• [TASK DIRECTIONS]
Transcribe the entries below word for word, beginning at the line with "Menghadiri The 36th" and stopping after the line with "シャツ + スカート 上下セット【JZシリーズ】"; drop all pictures.

___ SUPPLIED DATA ___

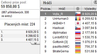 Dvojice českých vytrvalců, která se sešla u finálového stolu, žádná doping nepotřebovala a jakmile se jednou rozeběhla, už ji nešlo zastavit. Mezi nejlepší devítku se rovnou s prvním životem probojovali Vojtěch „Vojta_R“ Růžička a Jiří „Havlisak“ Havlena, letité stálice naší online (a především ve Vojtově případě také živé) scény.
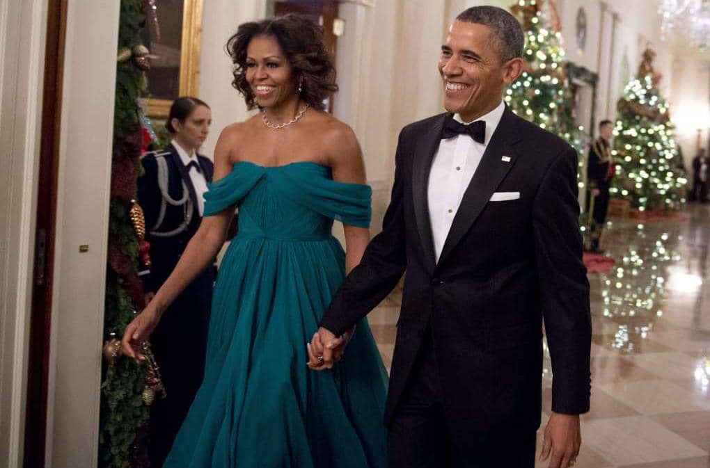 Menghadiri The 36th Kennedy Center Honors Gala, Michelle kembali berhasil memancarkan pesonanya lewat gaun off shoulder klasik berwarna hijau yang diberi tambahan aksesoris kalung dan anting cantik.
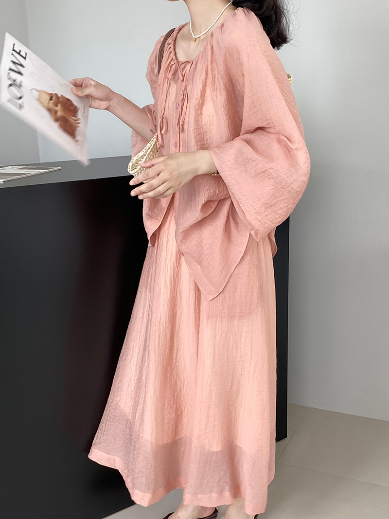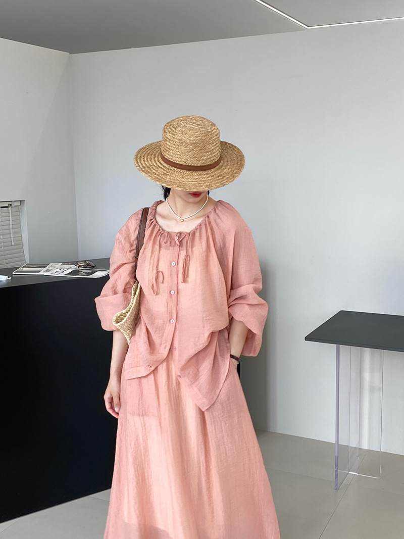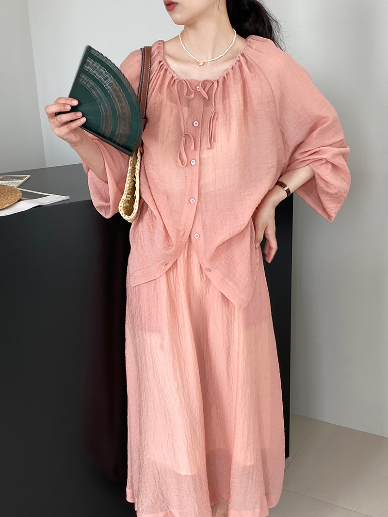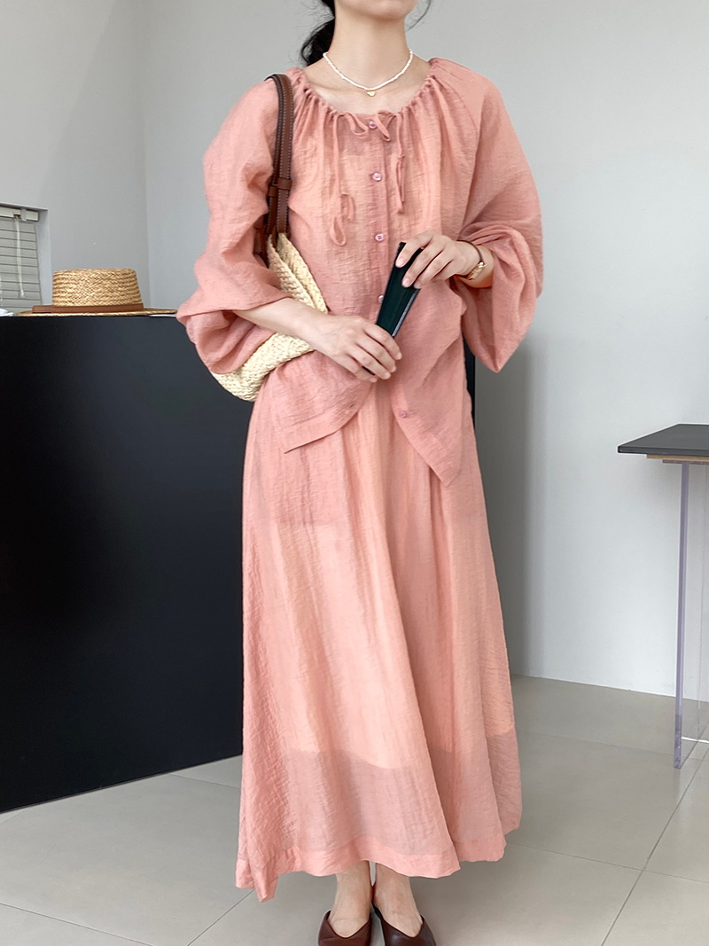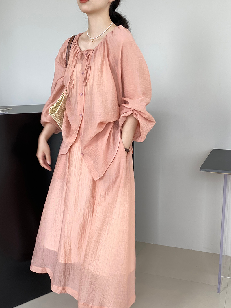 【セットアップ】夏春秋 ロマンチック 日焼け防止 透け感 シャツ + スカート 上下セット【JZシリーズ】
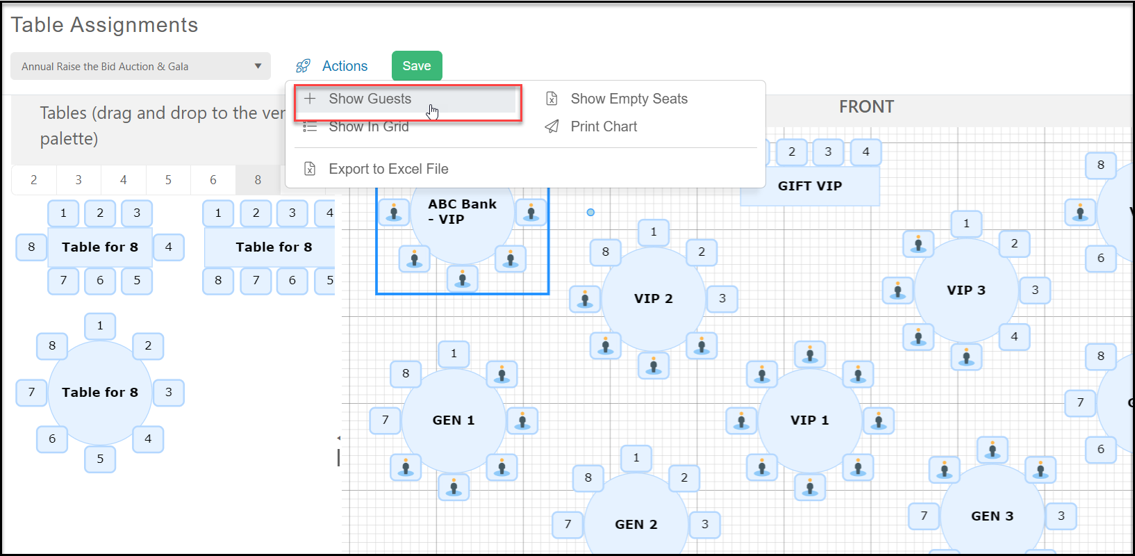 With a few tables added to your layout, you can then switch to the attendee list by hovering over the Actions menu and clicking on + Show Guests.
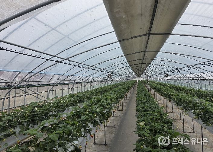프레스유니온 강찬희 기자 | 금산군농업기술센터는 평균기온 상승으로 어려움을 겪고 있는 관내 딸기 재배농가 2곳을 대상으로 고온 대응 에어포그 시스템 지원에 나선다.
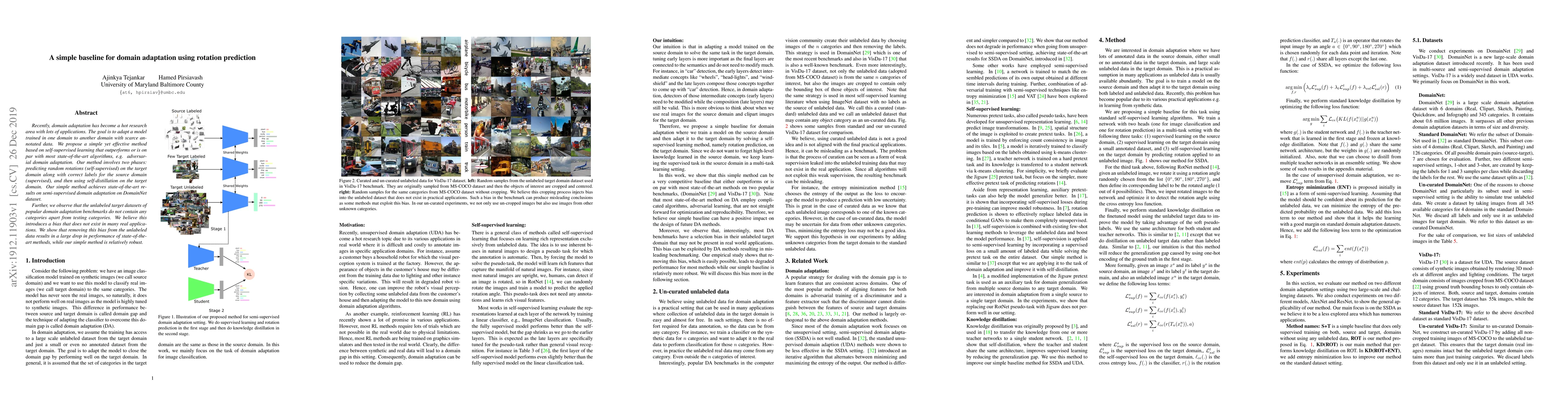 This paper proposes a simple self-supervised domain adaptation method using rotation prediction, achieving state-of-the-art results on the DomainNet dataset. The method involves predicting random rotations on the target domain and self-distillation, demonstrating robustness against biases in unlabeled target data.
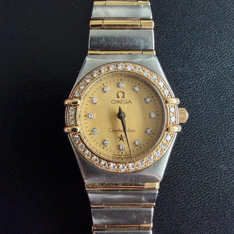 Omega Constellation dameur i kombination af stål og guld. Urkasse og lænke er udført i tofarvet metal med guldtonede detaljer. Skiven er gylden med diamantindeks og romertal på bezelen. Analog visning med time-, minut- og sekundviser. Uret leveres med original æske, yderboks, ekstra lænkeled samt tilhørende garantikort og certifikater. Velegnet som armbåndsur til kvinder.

___
___ SUPPLIED DATA ___

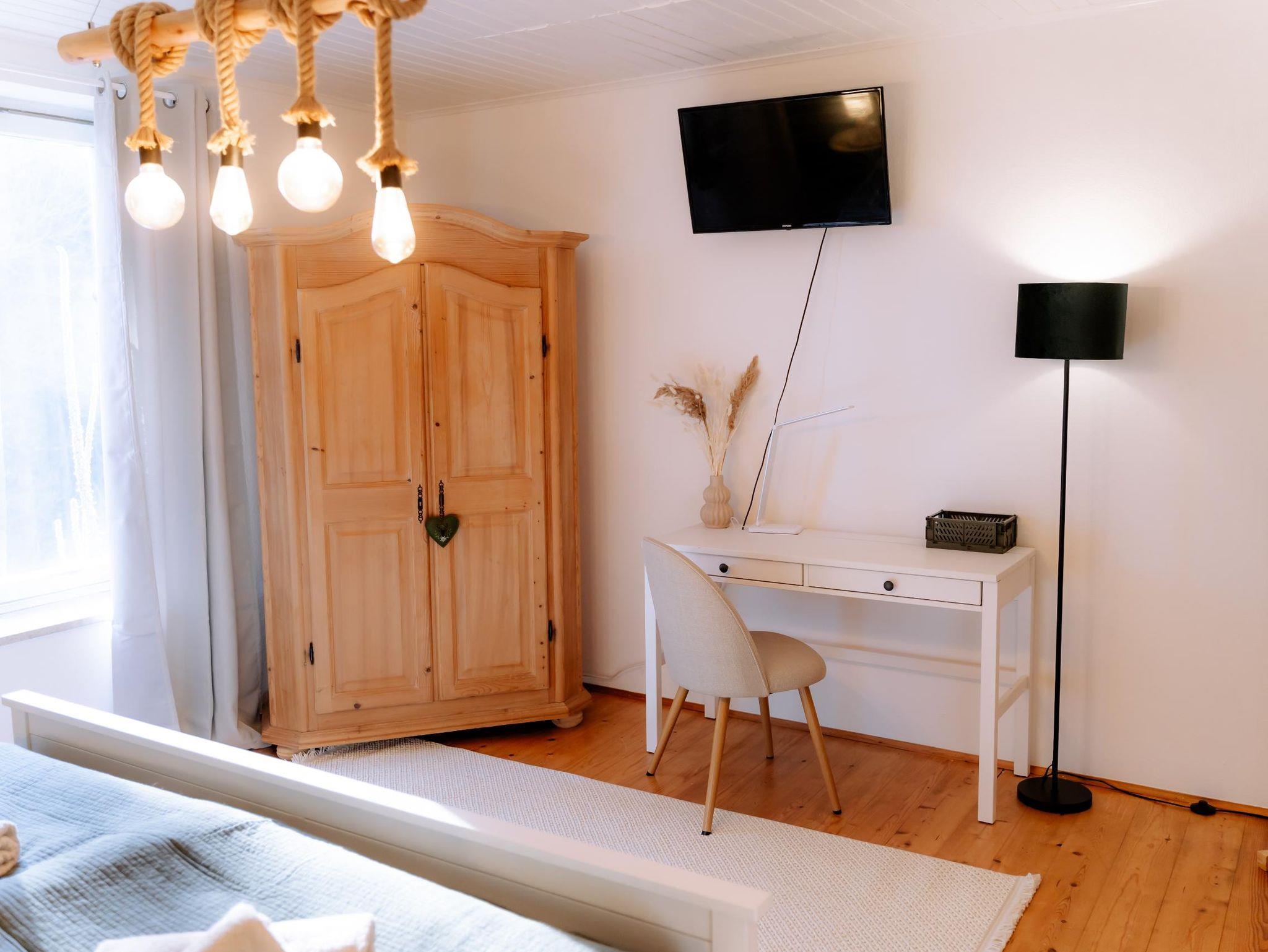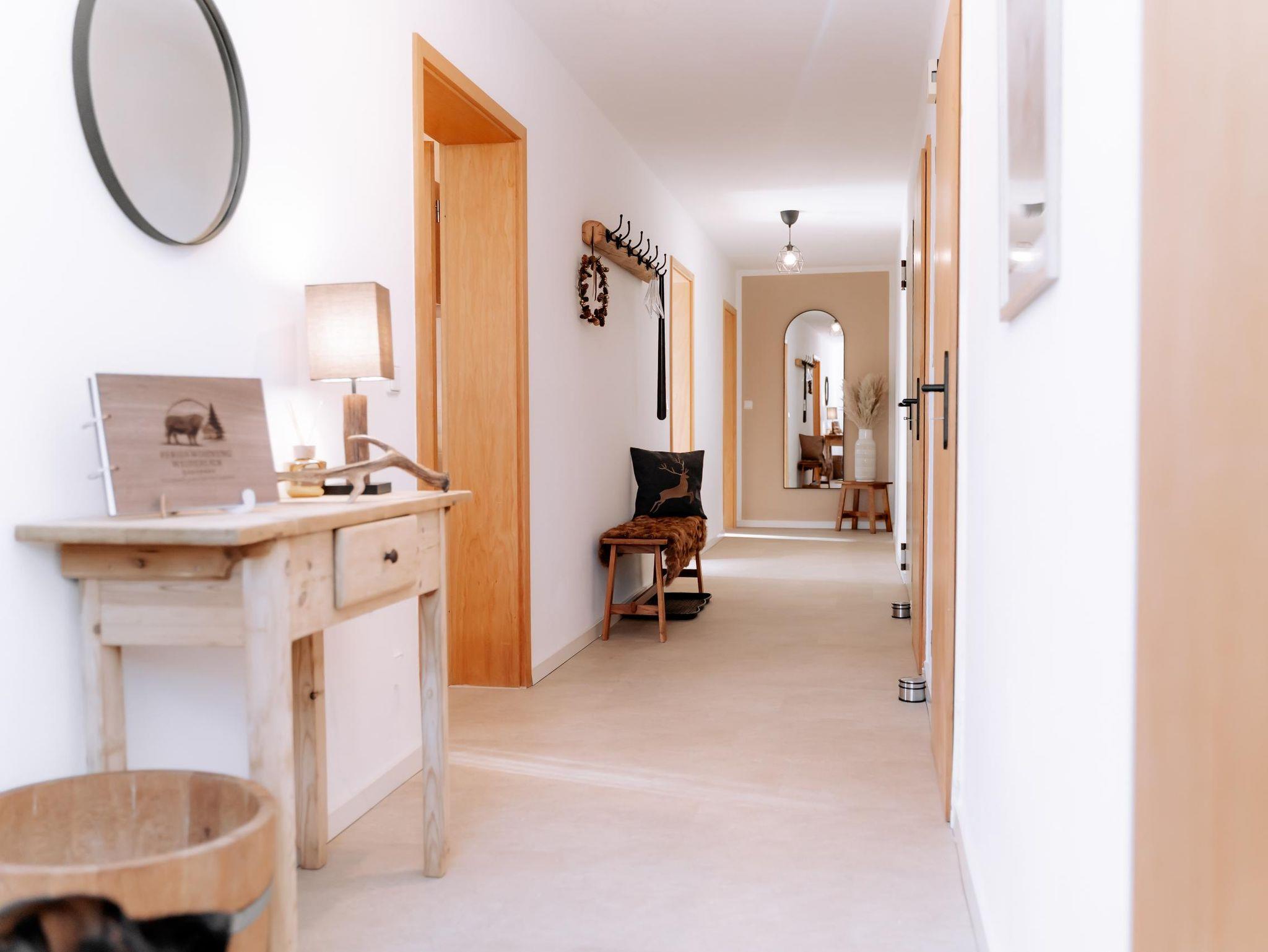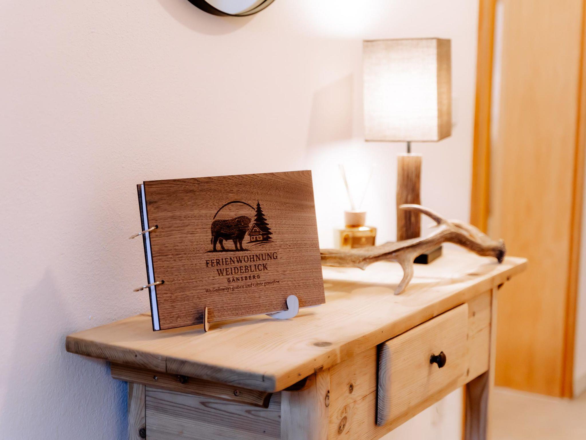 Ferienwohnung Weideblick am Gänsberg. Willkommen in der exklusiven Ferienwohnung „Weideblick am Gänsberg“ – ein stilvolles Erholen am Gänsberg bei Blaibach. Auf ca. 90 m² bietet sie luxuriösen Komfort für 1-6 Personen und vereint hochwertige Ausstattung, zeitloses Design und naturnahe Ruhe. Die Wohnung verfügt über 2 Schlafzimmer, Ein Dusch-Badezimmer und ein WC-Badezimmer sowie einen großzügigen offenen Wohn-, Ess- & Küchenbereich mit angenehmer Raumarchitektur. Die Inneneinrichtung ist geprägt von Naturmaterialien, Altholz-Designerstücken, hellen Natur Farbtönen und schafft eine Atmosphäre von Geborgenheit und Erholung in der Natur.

___

• [EXPECTED OUTPUT]
 Menghadiri The 36th Kennedy Center Honors Gala, Michelle kembali berhasil memancarkan pesonanya lewat gaun off shoulder klasik berwarna hijau yang diberi tambahan aksesoris kalung dan anting cantik.
 【セットアップ】夏春秋 ロマンチック 日焼け防止 透け感 シャツ + スカート 上下セット【JZシリーズ】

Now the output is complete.